### Problem to solve
Each line starting at the one that contains "경상남도농업기술원은 오는 19일부터" and ending at the one that contains "This versatile modular" must be returned exactly, and the rest of the listing is left out.

### Entries supplied
++++++++

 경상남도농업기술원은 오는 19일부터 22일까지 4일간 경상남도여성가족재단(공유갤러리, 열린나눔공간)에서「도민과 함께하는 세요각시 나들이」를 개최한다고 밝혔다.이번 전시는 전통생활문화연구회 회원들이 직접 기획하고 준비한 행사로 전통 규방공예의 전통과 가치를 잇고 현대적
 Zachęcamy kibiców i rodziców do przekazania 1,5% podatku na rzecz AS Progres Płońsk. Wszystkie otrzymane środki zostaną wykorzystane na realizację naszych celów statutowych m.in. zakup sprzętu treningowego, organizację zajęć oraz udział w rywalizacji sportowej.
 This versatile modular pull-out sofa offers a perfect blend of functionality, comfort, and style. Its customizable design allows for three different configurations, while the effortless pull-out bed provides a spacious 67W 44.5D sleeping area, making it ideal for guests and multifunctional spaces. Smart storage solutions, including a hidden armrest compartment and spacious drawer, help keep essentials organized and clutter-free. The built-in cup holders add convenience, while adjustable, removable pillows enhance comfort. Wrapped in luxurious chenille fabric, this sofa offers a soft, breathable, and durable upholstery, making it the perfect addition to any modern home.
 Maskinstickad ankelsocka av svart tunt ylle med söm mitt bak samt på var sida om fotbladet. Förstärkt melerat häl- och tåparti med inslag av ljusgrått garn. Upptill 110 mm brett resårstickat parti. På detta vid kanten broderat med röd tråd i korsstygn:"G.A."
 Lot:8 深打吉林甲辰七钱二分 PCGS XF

++++++++

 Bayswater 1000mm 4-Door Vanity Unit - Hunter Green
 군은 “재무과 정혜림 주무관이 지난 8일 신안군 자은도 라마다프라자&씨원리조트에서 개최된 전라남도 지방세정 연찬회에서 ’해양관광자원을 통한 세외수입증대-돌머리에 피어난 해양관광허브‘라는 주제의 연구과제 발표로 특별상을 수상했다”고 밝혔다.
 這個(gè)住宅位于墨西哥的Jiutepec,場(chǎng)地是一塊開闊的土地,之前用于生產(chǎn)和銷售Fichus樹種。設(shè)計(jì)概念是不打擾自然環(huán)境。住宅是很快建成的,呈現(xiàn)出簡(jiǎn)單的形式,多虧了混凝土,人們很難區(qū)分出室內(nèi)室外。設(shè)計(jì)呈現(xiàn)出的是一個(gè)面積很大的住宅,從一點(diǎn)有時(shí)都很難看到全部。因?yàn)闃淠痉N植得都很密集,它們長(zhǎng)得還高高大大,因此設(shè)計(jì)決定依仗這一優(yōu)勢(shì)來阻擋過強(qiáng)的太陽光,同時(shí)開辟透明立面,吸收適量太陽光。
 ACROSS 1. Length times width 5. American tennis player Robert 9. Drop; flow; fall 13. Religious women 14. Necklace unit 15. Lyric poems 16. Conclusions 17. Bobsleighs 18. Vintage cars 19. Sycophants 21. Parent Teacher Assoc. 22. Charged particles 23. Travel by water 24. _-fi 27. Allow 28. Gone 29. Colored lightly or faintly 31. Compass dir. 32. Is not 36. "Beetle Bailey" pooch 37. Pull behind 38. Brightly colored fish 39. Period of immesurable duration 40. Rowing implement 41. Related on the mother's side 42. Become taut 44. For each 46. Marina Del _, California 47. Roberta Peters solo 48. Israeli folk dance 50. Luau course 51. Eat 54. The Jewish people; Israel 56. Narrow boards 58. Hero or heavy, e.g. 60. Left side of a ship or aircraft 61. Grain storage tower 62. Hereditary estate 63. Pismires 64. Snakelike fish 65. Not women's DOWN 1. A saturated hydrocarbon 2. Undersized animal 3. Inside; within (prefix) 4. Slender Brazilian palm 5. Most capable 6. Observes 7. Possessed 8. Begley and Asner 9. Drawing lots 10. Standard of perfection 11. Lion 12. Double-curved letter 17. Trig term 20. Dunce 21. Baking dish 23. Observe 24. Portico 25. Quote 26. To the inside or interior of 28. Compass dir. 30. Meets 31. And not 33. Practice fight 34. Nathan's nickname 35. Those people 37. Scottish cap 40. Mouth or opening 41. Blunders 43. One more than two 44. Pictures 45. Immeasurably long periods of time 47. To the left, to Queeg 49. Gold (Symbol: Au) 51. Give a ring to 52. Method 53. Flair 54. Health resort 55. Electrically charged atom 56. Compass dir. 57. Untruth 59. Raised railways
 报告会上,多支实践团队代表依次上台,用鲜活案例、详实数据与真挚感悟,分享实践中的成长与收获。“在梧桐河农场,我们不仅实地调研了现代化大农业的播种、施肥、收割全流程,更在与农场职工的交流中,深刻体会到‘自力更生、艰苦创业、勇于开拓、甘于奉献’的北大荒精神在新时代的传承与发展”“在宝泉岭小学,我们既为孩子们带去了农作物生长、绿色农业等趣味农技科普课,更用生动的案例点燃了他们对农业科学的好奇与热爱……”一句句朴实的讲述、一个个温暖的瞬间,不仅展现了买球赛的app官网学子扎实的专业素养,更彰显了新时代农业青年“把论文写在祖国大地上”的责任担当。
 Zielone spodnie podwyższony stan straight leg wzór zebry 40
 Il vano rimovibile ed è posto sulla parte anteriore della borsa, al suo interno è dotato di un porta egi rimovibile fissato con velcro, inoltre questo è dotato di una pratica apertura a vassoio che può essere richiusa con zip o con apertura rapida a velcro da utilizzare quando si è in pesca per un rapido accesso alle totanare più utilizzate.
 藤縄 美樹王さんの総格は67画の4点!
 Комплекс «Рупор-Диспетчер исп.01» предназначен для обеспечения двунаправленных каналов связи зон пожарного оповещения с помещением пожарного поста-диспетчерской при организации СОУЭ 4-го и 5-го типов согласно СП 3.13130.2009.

++++++++

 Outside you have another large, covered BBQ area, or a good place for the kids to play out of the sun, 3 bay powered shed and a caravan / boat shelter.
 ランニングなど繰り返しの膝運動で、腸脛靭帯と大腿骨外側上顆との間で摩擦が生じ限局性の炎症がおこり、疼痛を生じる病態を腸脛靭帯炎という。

++++++++

### Solution to this exercise
 경상남도농업기술원은 오는 19일부터 22일까지 4일간 경상남도여성가족재단(공유갤러리, 열린나눔공간)에서「도민과 함께하는 세요각시 나들이」를 개최한다고 밝혔다.이번 전시는 전통생활문화연구회 회원들이 직접 기획하고 준비한 행사로 전통 규방공예의 전통과 가치를 잇고 현대적
 Zachęcamy kibiców i rodziców do przekazania 1,5% podatku na rzecz AS Progres Płońsk. Wszystkie otrzymane środki zostaną wykorzystane na realizację naszych celów statutowych m.in. zakup sprzętu treningowego, organizację zajęć oraz udział w rywalizacji sportowej.
 This versatile modular pull-out sofa offers a perfect blend of functionality, comfort, and style. Its customizable design allows for three different configurations, while the effortless pull-out bed provides a spacious 67W 44.5D sleeping area, making it ideal for guests and multifunctional spaces. Smart storage solutions, including a hidden armrest compartment and spacious drawer, help keep essentials organized and clutter-free. The built-in cup holders add convenience, while adjustable, removable pillows enhance comfort. Wrapped in luxurious chenille fabric, this sofa offers a soft, breathable, and durable upholstery, making it the perfect addition to any modern home.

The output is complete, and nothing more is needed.